Discussing the outcomes of the 1990’s economic reforms, Racine stated that India’s GDP growth depicted mixed trends in the first decade. In the first five years (1991-1995), growth only increased from 5% to 6.8%, which was not a dramatic rise. In the following five years, growth rate dropped back to 5%. However post 2000, economic indicators showed consistent improvement while a dramatic improvement occurred after 2004, when the growth rate rose from 7.5% to 9.6% in 2007. The economic crisis in 2008 brought growth down to 6.8% but the recovery was quick and growth went back up to 8.5% in a year’s time.
As a result of this consistent economic improvement post 2000, there had been a change in the perception of India not only in the East but also in the West. In 1996, five years after economic reforms, ASEAN countries decided to give India, the status of full dialogue partner.
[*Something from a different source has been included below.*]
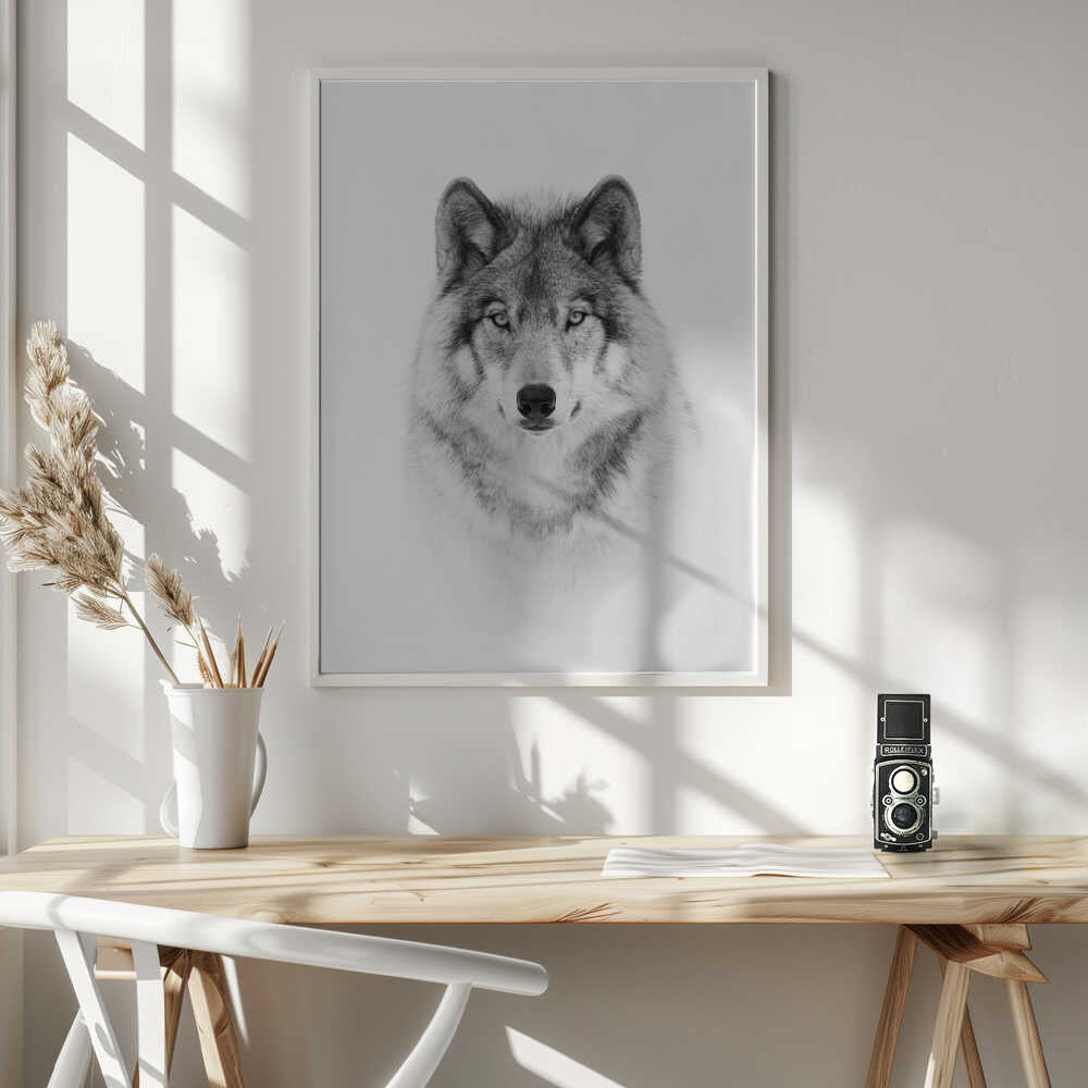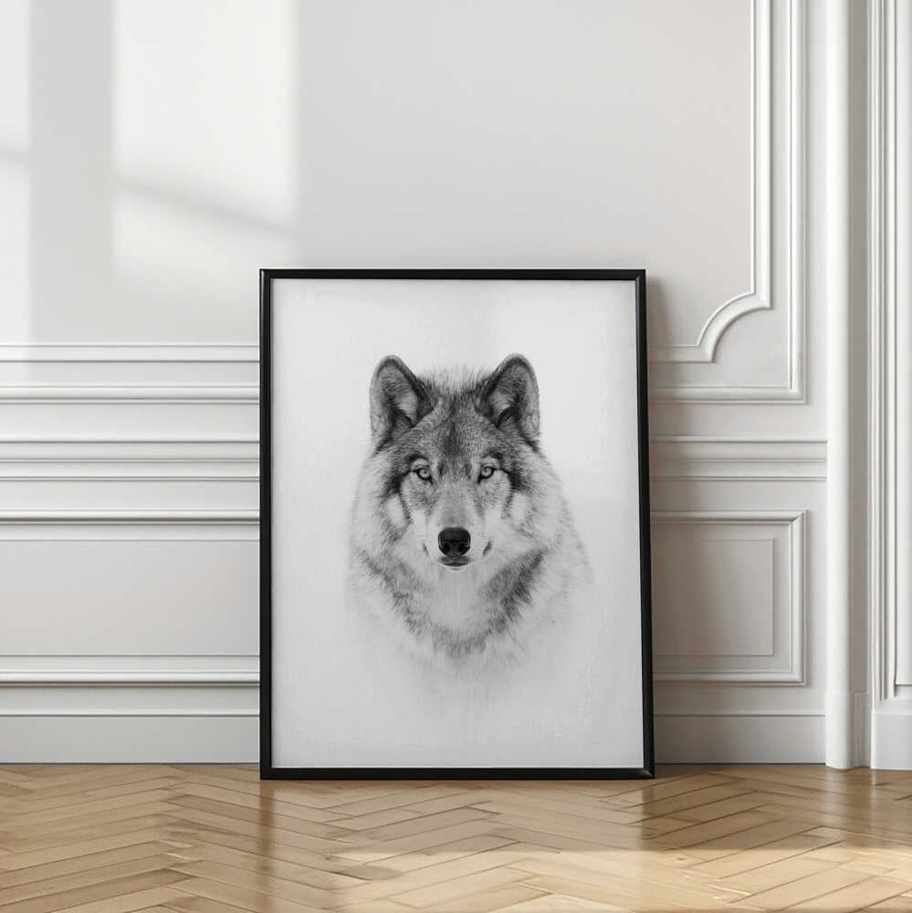 Tabloul înramat „Portrait of a Timber Wolf”, creat de Jim Cumming, este disponibil în mai multe dimensiuni, cu ramă neagră, albă sau din lemn natur. Se potrivește perfect în orice încăpere.

By the end of 2005, a new regional body was constituted in Asia Pacific called the East Asia Summit and despite China’s objections, decided to bring India on board as the founding member. India thus became a significant part of the system of representation of Asian countries while in the perception of the West, India rose to prominence as a vital part of an emerging and dynamic Asia.
Racine argued that the change had not just been on the economic front. By 2000, India had established itself as a “post-colonial” country through a transformed mindset and he referred to Manmohan Singh’s 2005 speech at Oxford which symbolized this new mindset. In his speech, the PM had stated that the Indians were right to fight against the British at the time of independence, but that time had now passed and the nation must move forward. Further, that Indians were now confident enough in themselves to digest the time of colonization, and look into the future with confidence. Racine stressed that this transformed mindset and self-perception proved to be decisive for India’s progress. It helped build confidence among leaders as well as civilians, and created a momentum for economic growth as well as societal progress gradually leading India to transform itself from a regional actor to a global player. India’s notable services success stories also played a symbolic role as Indian IT companies emerged as global actors in a field which was the epitome of modernity while India’s industrial sector particularly energy sector companies were fast transforming into dynamic multinationals.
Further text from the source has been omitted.